WHAT TO WORK ON. Beneath this task are records; print exactly the stretch of them from the line with "41B0 和0000 41B1。我們可以從MotorolaPowerQUICC" through the line with "608 - أَخْبَرَنَا", both ends included.

[Opening RECORD EXCERPTS section]

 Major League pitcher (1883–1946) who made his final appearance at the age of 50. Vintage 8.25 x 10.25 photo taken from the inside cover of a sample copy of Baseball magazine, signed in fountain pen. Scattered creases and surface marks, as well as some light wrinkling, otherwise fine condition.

[Closing RECORD EXCERPTS section]
[Opening RECORD EXCERPTS section]

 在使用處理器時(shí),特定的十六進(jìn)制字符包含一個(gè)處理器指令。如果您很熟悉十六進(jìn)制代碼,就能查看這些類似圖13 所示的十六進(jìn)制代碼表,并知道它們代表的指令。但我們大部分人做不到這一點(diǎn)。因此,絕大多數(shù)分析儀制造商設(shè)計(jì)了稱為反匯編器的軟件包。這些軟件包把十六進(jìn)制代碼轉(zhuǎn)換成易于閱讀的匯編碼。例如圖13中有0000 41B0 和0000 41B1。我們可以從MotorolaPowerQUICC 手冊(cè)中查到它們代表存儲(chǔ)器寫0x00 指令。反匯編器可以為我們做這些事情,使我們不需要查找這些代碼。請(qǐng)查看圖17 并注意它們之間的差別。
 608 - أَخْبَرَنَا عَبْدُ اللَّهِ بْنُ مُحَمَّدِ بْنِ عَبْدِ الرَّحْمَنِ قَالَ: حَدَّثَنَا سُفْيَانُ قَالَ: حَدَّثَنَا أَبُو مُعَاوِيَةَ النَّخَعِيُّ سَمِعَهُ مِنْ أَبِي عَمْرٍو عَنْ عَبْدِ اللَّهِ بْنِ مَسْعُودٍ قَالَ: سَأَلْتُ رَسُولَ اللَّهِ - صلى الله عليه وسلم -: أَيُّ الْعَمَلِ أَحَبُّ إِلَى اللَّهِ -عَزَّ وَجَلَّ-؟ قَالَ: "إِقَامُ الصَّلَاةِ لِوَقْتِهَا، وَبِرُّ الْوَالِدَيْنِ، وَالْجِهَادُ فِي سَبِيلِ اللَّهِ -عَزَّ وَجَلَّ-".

[Closing RECORD EXCERPTS section]
[Opening RECORD EXCERPTS section]

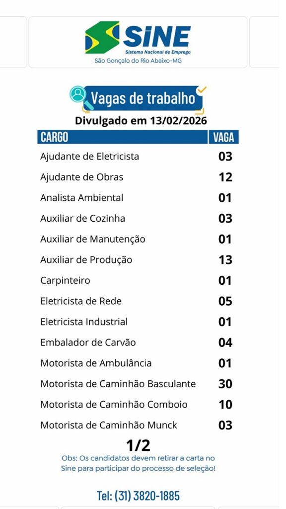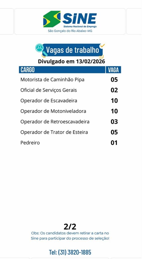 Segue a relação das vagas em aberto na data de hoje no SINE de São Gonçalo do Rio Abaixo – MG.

[Closing RECORD EXCERPTS section]

RESULT OF THIS EXERCISE.
 在使用處理器時(shí),特定的十六進(jìn)制字符包含一個(gè)處理器指令。如果您很熟悉十六進(jìn)制代碼,就能查看這些類似圖13 所示的十六進(jìn)制代碼表,并知道它們代表的指令。但我們大部分人做不到這一點(diǎn)。因此,絕大多數(shù)分析儀制造商設(shè)計(jì)了稱為反匯編器的軟件包。這些軟件包把十六進(jìn)制代碼轉(zhuǎn)換成易于閱讀的匯編碼。例如圖13中有0000 41B0 和0000 41B1。我們可以從MotorolaPowerQUICC 手冊(cè)中查到它們代表存儲(chǔ)器寫0x00 指令。反匯編器可以為我們做這些事情,使我們不需要查找這些代碼。請(qǐng)查看圖17 并注意它們之間的差別。
 608 - أَخْبَرَنَا عَبْدُ اللَّهِ بْنُ مُحَمَّدِ بْنِ عَبْدِ الرَّحْمَنِ قَالَ: حَدَّثَنَا سُفْيَانُ قَالَ: حَدَّثَنَا أَبُو مُعَاوِيَةَ النَّخَعِيُّ سَمِعَهُ مِنْ أَبِي عَمْرٍو عَنْ عَبْدِ اللَّهِ بْنِ مَسْعُودٍ قَالَ: سَأَلْتُ رَسُولَ اللَّهِ - صلى الله عليه وسلم -: أَيُّ الْعَمَلِ أَحَبُّ إِلَى اللَّهِ -عَزَّ وَجَلَّ-؟ قَالَ: "إِقَامُ الصَّلَاةِ لِوَقْتِهَا، وَبِرُّ الْوَالِدَيْنِ، وَالْجِهَادُ فِي سَبِيلِ اللَّهِ -عَزَّ وَجَلَّ-".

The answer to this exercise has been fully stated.